◆ **TASK DATA**
=== Begin Enclosure ===
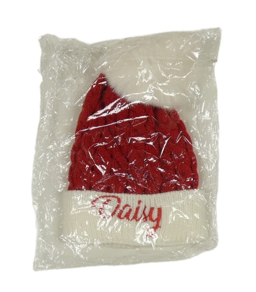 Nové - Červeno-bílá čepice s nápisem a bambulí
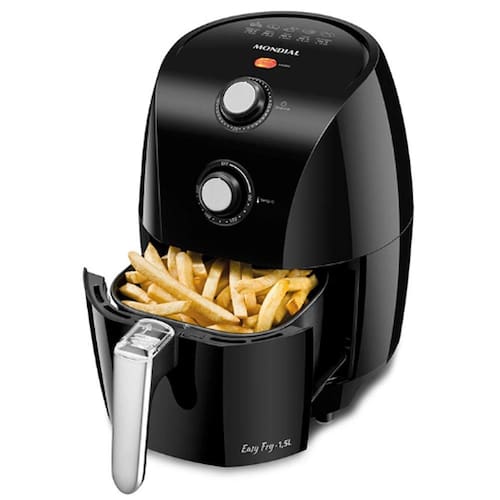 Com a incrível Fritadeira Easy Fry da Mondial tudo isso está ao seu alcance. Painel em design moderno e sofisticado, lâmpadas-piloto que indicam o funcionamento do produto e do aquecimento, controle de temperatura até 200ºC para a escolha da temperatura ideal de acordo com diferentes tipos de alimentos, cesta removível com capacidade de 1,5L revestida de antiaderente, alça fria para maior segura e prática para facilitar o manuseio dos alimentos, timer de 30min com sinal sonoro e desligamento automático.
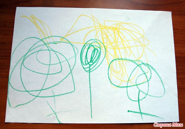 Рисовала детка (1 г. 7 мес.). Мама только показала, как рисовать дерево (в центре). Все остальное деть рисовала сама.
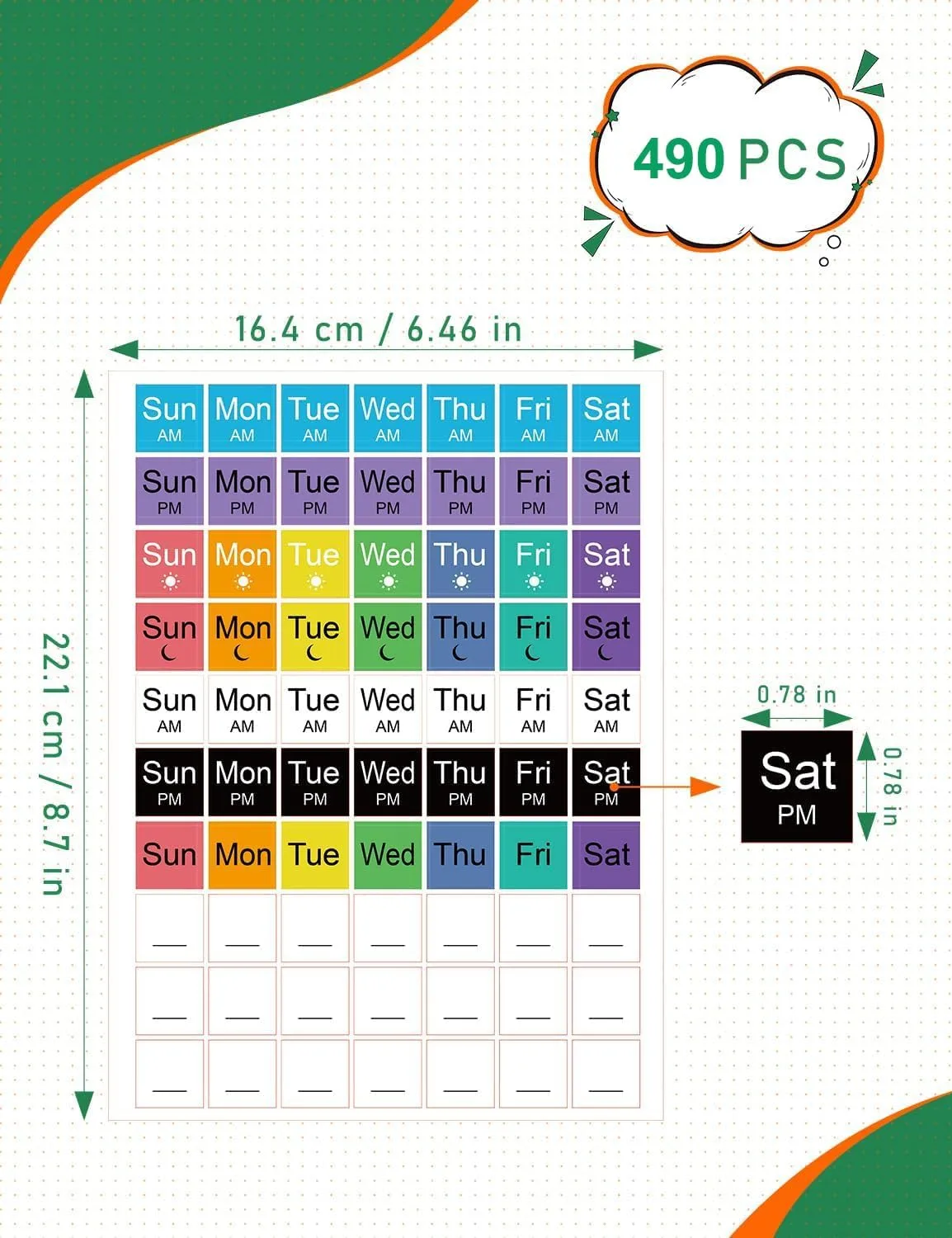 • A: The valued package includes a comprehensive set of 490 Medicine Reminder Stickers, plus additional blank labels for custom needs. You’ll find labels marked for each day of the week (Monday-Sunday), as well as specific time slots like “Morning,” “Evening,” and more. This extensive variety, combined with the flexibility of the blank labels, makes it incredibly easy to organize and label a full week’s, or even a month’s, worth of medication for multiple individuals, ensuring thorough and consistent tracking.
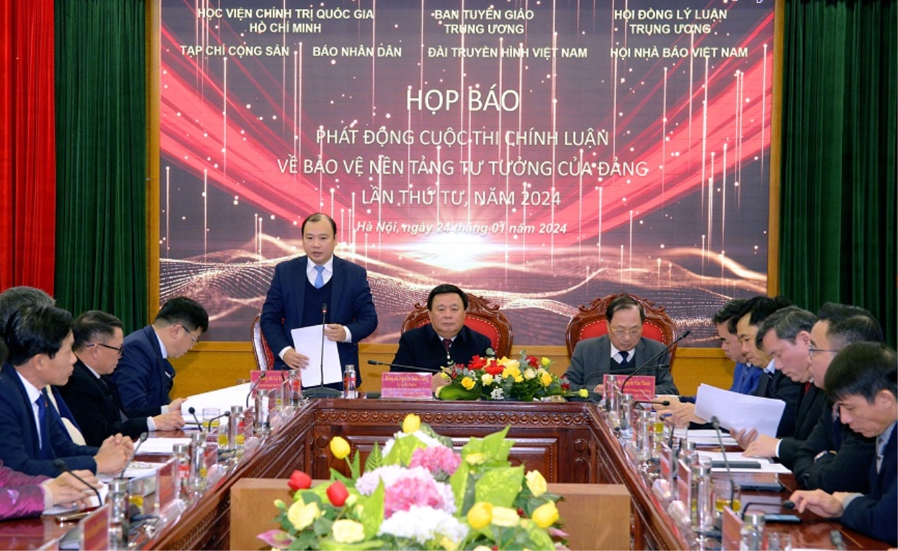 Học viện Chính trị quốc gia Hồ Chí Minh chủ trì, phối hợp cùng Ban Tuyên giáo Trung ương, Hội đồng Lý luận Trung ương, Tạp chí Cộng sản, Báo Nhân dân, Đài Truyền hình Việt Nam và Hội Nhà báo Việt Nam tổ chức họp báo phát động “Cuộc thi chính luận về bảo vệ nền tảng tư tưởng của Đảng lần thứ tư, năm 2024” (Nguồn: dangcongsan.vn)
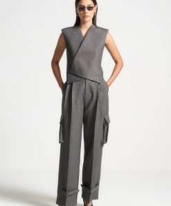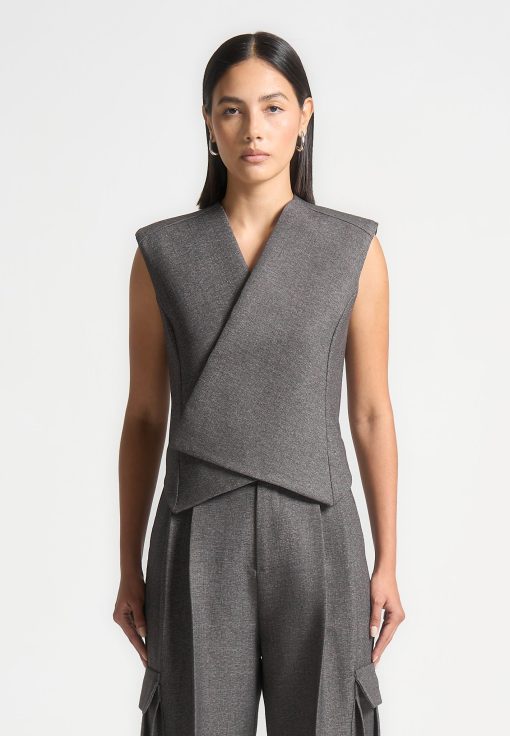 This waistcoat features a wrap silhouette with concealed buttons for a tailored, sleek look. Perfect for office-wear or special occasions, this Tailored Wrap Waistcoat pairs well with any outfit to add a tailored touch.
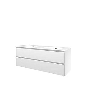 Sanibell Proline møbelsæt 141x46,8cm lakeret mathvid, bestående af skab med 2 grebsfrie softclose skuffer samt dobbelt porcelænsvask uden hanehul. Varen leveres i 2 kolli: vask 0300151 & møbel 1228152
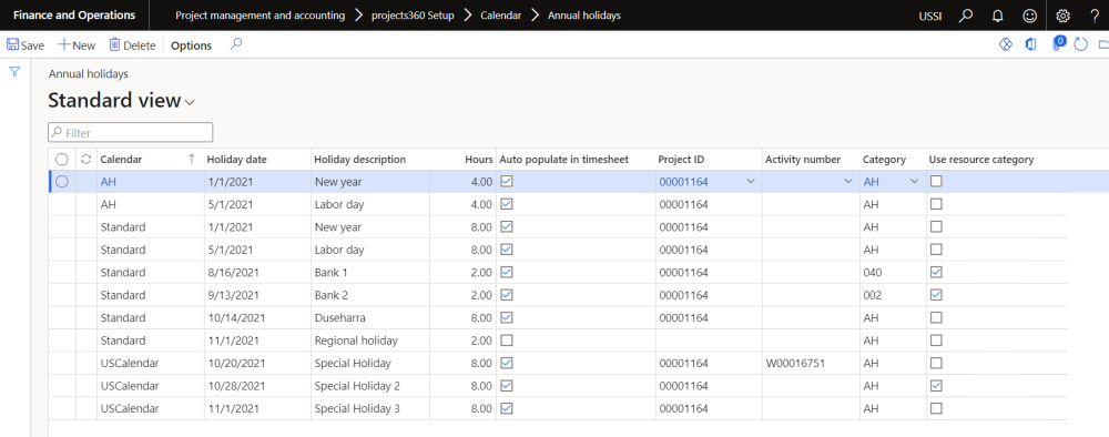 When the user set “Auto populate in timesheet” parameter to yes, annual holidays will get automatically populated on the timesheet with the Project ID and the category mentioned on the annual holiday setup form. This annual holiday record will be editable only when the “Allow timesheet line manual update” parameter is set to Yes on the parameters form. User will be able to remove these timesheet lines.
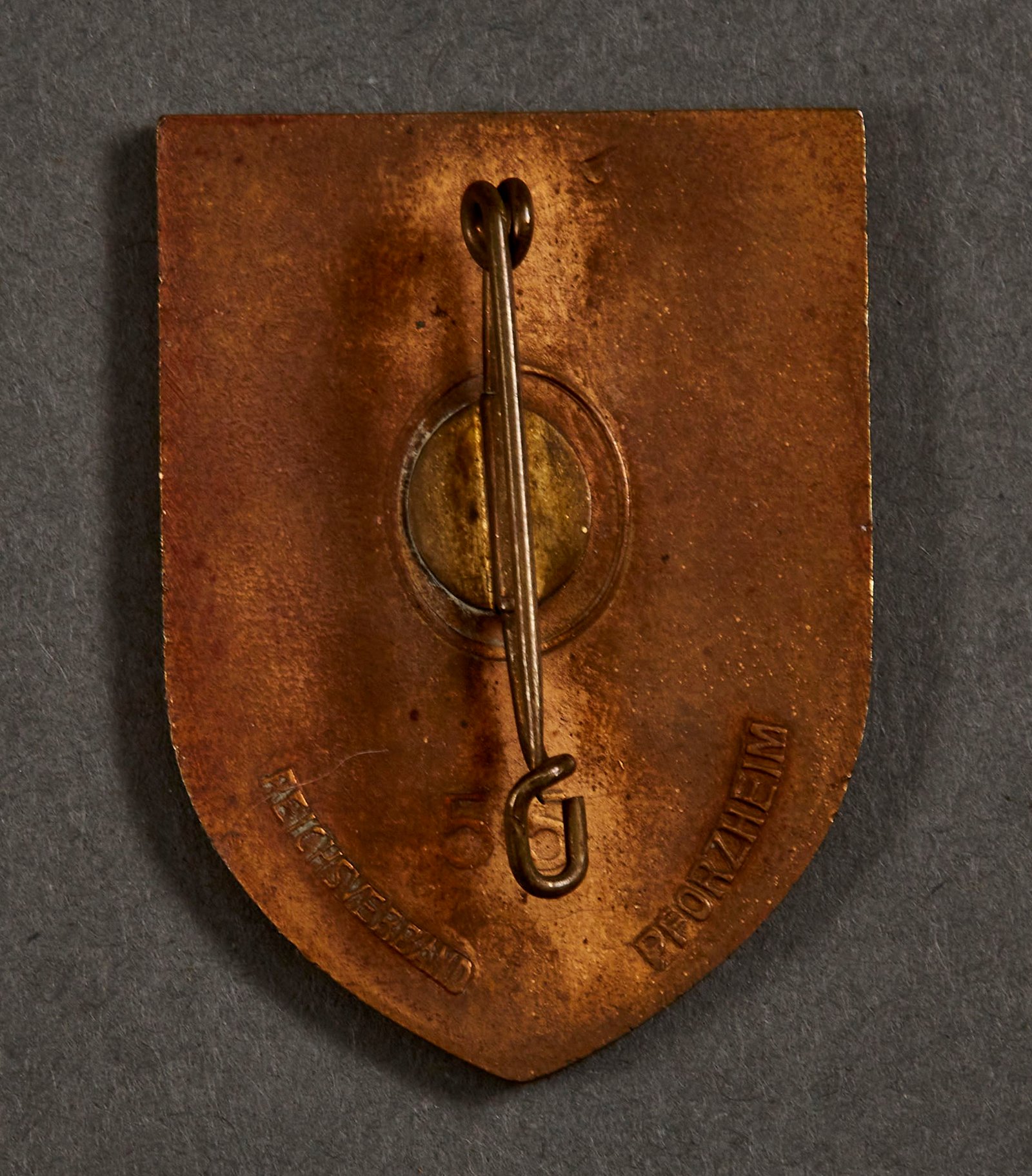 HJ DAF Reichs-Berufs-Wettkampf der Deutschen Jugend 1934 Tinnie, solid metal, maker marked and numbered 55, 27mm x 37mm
=== End Enclosure ===
◆ **TASK REQUIREMENTS**
Leaving all pictures out, output exactly the lines of the material above from the line with "This waistcoat features" to the line with "Sanibell Proline møbelsæt", both included.

◆ **ANSWER AREA**
 This waistcoat features a wrap silhouette with concealed buttons for a tailored, sleek look. Perfect for office-wear or special occasions, this Tailored Wrap Waistcoat pairs well with any outfit to add a tailored touch.
 Sanibell Proline møbelsæt 141x46,8cm lakeret mathvid, bestående af skab med 2 grebsfrie softclose skuffer samt dobbelt porcelænsvask uden hanehul. Varen leveres i 2 kolli: vask 0300151 & møbel 1228152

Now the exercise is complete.